Gmail’s spam filters can now understand “adversarial text manipulations.”
The latest post on the Google Security blog details a new upgrade to Gmail’s spam filters that Google is calling “one of the largest defense upgrades in recent years.” The upgrade comes in the form of a new text classification system called RETVec (Resilient & Efficient Text Vectorizer). Google says this can help understand “adversarial text manipulations”—these are emails full of special characters, emojis, typos, and other junk characters that previously were legible by humans but not easily understandable by machines. Previously, spam emails full of special characters made it through Gmail’s defenses easily.
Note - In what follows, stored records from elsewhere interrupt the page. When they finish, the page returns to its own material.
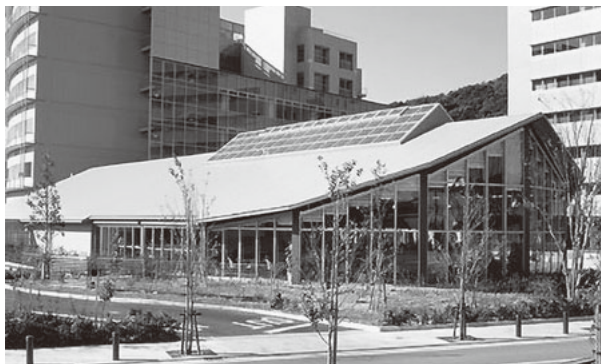
YRP内のレストラン「ローズテリア」

横須賀市南部、栗田、岩戸、野比などに隣接しているのが「光の丘」です。元々は山林地区でしたが1997年に情報通信の研究開発拠点として横須賀リサーチパークが開設され、公的な研究機関や国内外の民間研究機関が多数立地しています。電波情報通信から連想される地名として、「光の丘」となったとのこと。日本のシリコンバレーを目指しているそうです。光の丘のほとんどが、横須賀リサーチパークになっていますが、緑を残すという条件で開発が行われたため、光の丘公園、水辺公園など、広い公園が整備されています。
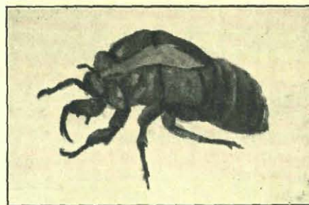
De huid van de nymph der Cicade.

Een cicade vloog naar den eersten kunstenaar, zette zich op de harp, op de
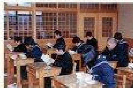
(さすが中学1年生、教室の中は本に集中する生徒の頼もしい姿がありました)
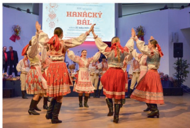
Hanáci, Hanáčky i přespolní tancovali až do pozdních nočních hodin

Na bále se šlo přibližně 500 Hanaček, Hanáků, jejich příznivců a dalších návštěvníků, kteří si užili večer plný hudby, tance a skvělé atmosféry. U vstupu byli všichni návštěvníci přivítáni tradiční hanáckou pohostinností – štamprlíčkou hruškovice a hanáckým koláčkem. K dispozici bylo bohaté občerstvení, včetně zabijačkových a tvarůžkových specialit, které neodmyslitelně patří k hanácké kuchyni.
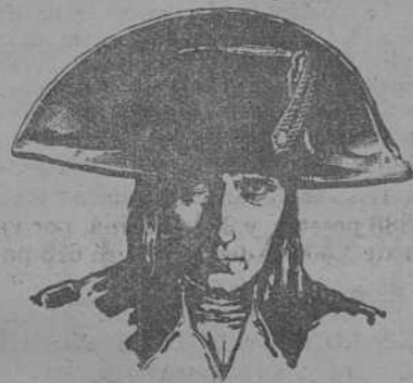
El film más grande que se ha filmado hasta la fecha

A. M. S.—Mi mayor deseo desde que se inauguró este artístico arte mudo, es poder llegar a ser uno de los simpáticos actores de la pantalla, para poder gozar de tan bello arte.
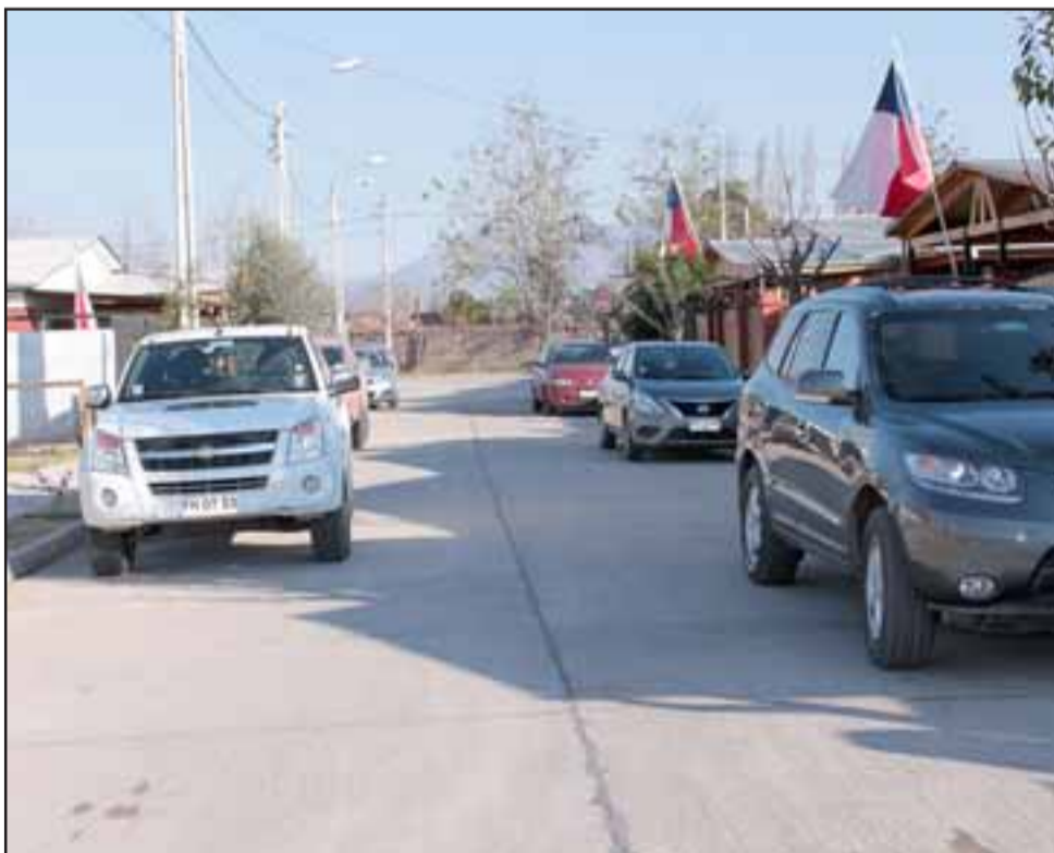
PAVIMENTOS NUEVOS.- Así lucen ahora los pasajes de Villa La Primavera, en Bucalemu.
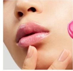
EX2 Sweet Up 限定
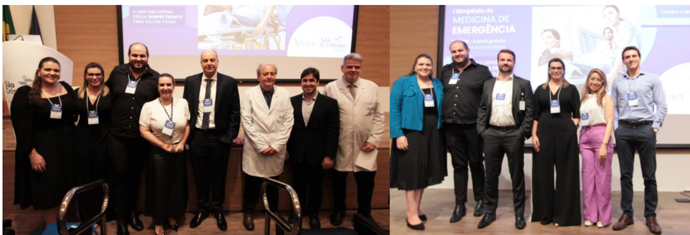
Profissionais da saúde durante o Simpósio
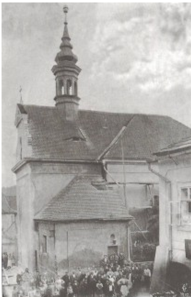
Obrázek 14 Kostel Stětí sv. Jana Křtitele, před rokem 1898

Historický atlas měst České republiky ,svazek č.23 – Kadaň: obrázek č. 16
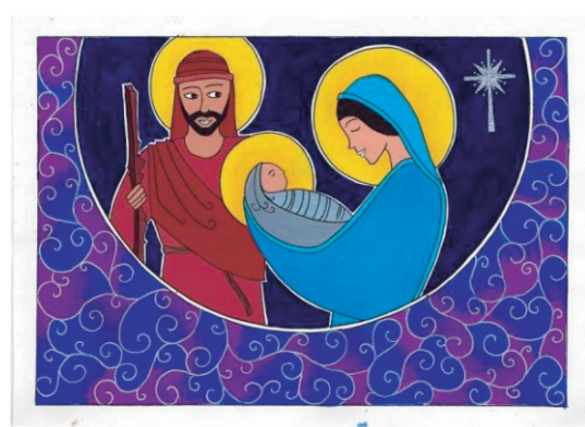
அரசு நத்தார் வைபவத்தின் அழைப்பிதழின் பொருட்டு தெரிவுசெய்யப்பட்ட சித்திரம்

If you want an example of what “adversarial text manipulation” looks like, the below message is something from my spam folder. My personal Gmail experience with these emails is that they used to be a major problem during the first half of the year, with emails like this regularly landing in my inbox. It does seem like this RETVec tech upgrade works, though, because emails like this haven’t been a problem at all for me in the last few months.
Emails like this have been so difficult to classify because, while any spam filter could probably swat down an email that says, “Congratulations! A balance of $1,000 is available for your jackpot account,” that’s not what this email actually says. A big portion of the letters here are “homoglyphs“—by diving into the endless depths of the Unicode standard, you can find obscure characters that look like they’re part of the normal Latin alphabet but actually aren’t.
For instance, the subject “𝐂𝐡𝐞𝐜𝐤_𝐘𝐨𝐮𝐫_𝐀𝐜𝐜𝐨𝐮𝐧𝐭” is weirdly bolded not because it has bolded styling but because it uses Unicode glyphs like the “Mathematical Bold Capital C.” It’s a math symbol that happens to look like the letter “C” to people, but the robot doing spam filtering accurately views it as a math symbol and doesn’t understand the intended English meaning. The closer you look at an email like this, the worse it gets: “C0NGRATULATIONS” has a zero replacing one of the “O” characters, the underlined letters in “Jᴀ̲ᴄ̲ᴋ̲pot” are so strange they don’t even come up in Unicode searches, and a lot of spaces are swapped out for periods or underscores. The result is that a spam filter looks at this hot mess of an email and basically gives up. (I don’t understand why illegible emails default to “inbox” instead of “spam,” but I’m not in charge.)Advertisement
Google says RETVec is here to save the day: “RETVec is trained to be resilient against character-level manipulations including insertion, deletion, typos, homoglyphs, LEET substitution, and more. The RETVec model is trained on top of a novel character encoder which can encode all UTF-8 characters and words efficiently. Thus, RETVec works out-of-the-box on over 100 languages without the need for a lookup table or fixed vocabulary size.”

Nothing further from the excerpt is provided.